**Dataset section**.
※

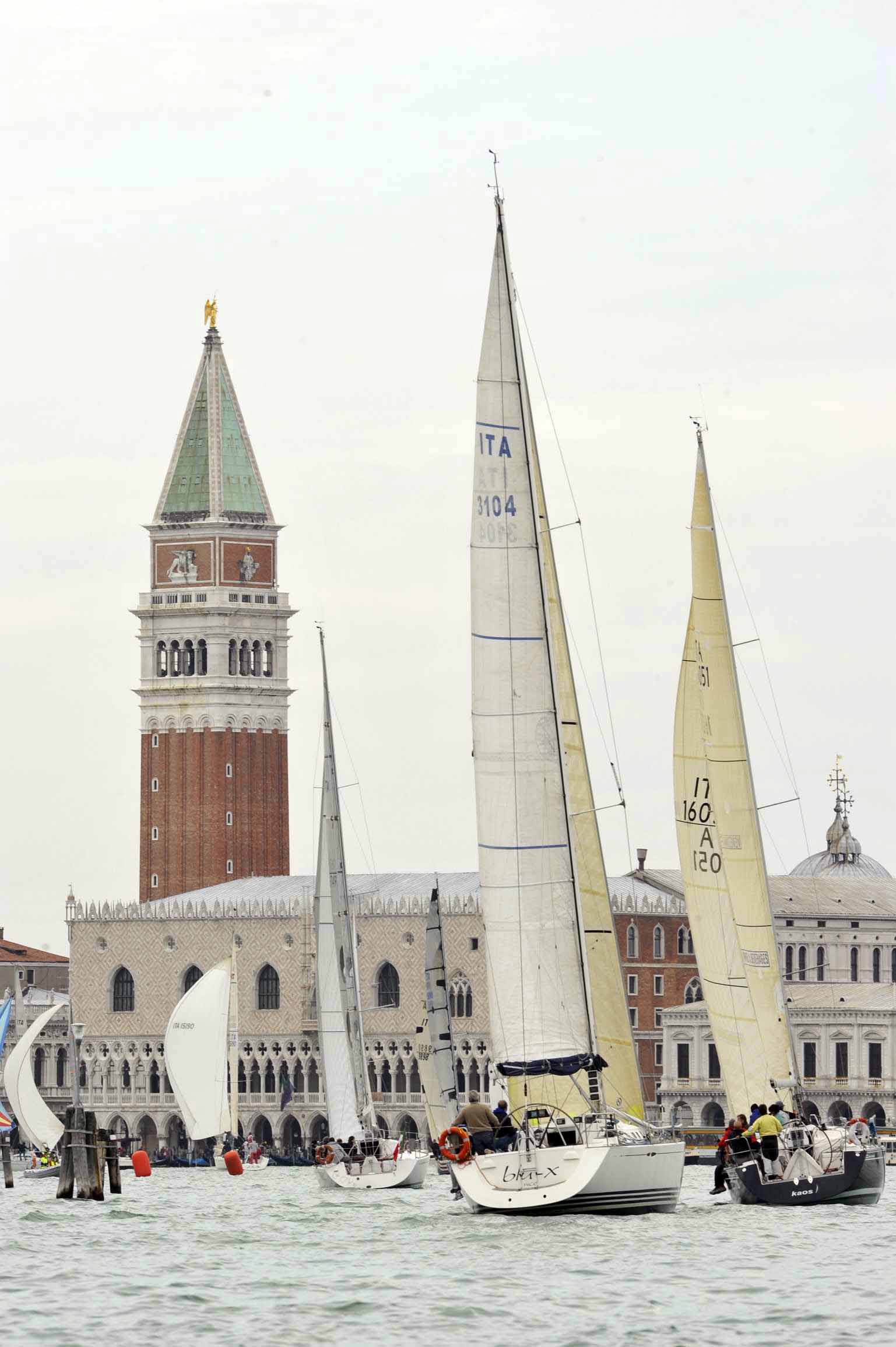 All’ingresso nel canale del Lido il maxi yacht che il giorno prima aveva già vinto il Challenge è sempre primo con duecento metri di vantaggio. Margine che rimane invariato al passaggio davanti al cancello obbligatorio in prossimità del Forte di Sant’Andrea.
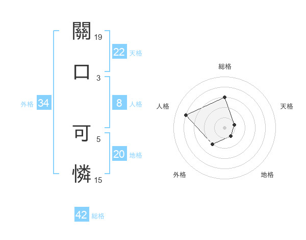 關口 可憐さんの地格は20画の1点!
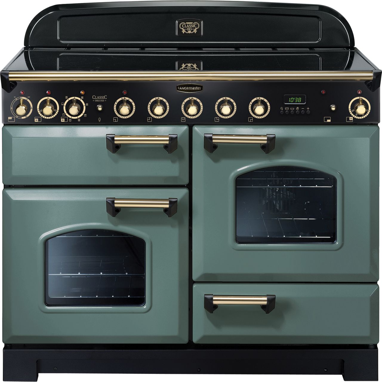 Rangemaster Classic Deluxe CDL110EIMG/B 110cm wide Electric Range Cooker with Induction Hob - Mineral Green / Brass - A/A Rated
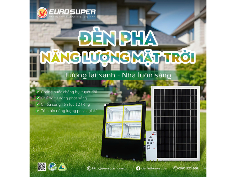 ĐÈN PHA NĂNG LƯỢNG MẶT TRỜI EUROSUPER - TƯƠNG LAI XANH, NHÀ LUÔN SÁNG

※

**Task objective**. Starting at the first line of the data, set down each line exactly until you have copied the line with "關口 可憐さんの地格は20画の1点!", but leave the pictures out.

**Solution to the exercise**.
 All’ingresso nel canale del Lido il maxi yacht che il giorno prima aveva già vinto il Challenge è sempre primo con duecento metri di vantaggio. Margine che rimane invariato al passaggio davanti al cancello obbligatorio in prossimità del Forte di Sant’Andrea.
 關口 可憐さんの地格は20画の1点!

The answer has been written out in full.